Добавить в цитаты Настройки чтения

Страница 111 из 152

Имро садится в кухне к столу. Чувствует себя немного усталым, но все равно в добром настроении. Вскорости пойдет ляжет, будет ему хорошо спаться.

Вильма хочет пойти ему постелить, вернее, оправить постель, но тут замечает на полу несколько мелких черепков от разбитого расписного горшка, которые дети не приметили, поднимает их и бросает в цинковое ведро в углу.

Нынче воскресенье, завтра снова будний день.

А вот я с Имро никак не могу подружиться. Хотя бываю у них часто, он мне еще ни разу ничего не сказал. Иногда мне с ним как-то чудно, потому что и он чудной, а бывает, особенно когда поблизости нет ни Вильмы, ни мастера, когда мы только вдвоем, я вроде его и побаиваюсь. Он ведь и тогда ничего мне не говорит. И я, хоть обычно у меня вопросов полно, не решаюсь, особенно в такую минуту, о чем-либо спросить его, я тоже молчу, мы оба молчим, но я порой чувствую себя очень неловко. Кажется мне, что хоть каким словечком нам бы надо с ним перемолвиться, но именно в такую неловкую, неприятную минуту у меня почему-то не находится ни одного подходящего, пусть совсем обыкновенного, слова, да и он для меня его не находит.

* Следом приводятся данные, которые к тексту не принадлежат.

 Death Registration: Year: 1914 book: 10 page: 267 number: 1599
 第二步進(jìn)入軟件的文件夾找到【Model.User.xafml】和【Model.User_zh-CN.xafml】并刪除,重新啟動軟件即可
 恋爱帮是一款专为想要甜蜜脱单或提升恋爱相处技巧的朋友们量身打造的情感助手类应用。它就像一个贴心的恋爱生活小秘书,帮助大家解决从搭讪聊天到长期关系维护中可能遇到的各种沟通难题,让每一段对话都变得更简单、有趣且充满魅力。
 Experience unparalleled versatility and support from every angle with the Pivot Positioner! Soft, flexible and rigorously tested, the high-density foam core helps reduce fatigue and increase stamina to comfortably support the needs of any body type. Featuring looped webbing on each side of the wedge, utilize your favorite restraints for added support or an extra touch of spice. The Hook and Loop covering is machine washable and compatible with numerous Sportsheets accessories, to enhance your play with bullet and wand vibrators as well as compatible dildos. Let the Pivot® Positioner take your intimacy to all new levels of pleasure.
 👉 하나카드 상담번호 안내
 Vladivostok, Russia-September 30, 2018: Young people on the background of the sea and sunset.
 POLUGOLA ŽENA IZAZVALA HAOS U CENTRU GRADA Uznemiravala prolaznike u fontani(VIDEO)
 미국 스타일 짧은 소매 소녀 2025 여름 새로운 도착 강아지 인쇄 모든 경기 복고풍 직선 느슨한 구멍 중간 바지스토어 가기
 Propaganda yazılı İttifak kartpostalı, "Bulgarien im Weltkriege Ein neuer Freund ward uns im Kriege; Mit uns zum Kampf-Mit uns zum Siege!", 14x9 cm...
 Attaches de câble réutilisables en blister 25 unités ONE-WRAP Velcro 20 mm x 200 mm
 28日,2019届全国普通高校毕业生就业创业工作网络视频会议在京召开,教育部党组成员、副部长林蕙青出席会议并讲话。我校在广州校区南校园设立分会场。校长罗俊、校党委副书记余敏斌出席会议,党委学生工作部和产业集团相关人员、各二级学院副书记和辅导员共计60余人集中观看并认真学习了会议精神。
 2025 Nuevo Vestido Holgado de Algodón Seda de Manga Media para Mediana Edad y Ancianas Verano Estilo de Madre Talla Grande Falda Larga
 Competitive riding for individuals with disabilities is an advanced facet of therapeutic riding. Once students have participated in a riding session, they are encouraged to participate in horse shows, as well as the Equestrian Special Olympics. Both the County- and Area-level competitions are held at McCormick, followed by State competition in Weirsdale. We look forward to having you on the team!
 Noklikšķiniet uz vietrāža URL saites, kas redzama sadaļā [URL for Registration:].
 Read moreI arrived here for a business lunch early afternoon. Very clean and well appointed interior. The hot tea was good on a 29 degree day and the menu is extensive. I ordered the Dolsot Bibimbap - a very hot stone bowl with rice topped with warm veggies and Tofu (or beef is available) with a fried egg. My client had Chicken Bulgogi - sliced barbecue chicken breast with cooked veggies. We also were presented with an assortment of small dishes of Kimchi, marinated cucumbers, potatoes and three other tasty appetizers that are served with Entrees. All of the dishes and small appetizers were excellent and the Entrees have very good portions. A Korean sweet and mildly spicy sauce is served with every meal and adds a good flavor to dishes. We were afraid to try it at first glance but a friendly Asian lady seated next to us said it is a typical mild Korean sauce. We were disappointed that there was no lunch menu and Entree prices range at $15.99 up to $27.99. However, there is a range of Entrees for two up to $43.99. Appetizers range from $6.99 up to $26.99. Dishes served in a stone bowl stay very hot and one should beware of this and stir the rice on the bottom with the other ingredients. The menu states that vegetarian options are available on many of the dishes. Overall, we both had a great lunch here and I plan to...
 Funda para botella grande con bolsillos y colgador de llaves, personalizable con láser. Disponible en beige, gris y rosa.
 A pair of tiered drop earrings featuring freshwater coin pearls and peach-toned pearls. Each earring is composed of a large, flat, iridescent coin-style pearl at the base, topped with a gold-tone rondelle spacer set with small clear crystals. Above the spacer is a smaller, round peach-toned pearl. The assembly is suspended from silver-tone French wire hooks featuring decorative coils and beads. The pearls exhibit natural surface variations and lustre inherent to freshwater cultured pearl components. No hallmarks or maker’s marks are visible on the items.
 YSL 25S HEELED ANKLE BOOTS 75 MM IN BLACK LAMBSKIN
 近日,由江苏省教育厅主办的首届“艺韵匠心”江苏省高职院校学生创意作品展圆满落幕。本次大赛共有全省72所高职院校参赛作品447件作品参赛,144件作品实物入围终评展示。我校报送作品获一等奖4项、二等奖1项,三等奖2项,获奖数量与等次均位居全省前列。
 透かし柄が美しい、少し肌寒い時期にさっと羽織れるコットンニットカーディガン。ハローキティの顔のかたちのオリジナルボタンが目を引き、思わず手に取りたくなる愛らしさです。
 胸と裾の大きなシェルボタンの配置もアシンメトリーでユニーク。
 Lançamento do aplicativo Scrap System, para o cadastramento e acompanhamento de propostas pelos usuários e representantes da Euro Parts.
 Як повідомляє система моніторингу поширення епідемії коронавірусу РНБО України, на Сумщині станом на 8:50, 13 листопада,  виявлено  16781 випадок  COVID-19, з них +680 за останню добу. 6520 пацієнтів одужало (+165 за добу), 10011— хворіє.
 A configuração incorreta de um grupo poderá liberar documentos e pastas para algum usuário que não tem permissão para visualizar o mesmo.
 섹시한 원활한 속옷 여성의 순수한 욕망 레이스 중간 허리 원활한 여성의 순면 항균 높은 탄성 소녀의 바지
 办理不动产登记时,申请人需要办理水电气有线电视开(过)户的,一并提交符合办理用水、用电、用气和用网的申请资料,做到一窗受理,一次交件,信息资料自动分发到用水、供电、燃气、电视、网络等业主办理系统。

Часто у меня такое ощущение, будто я там всем мешаю, хотя и молчу, сижу тихо и ничего не говорю, будто мешаю одним своим присутствием. Зачем сидеть, когда сказать нечего!

Правда, Имро пока ни разу не дал мне понять, что я мешаю ему, скорей он вообще не обращает на меня внимания, просто безразличен ко мне. Не приди я к ним неделю, другую, он вряд ли спросил бы у Вильмы или у мастера, почему я у них не бываю.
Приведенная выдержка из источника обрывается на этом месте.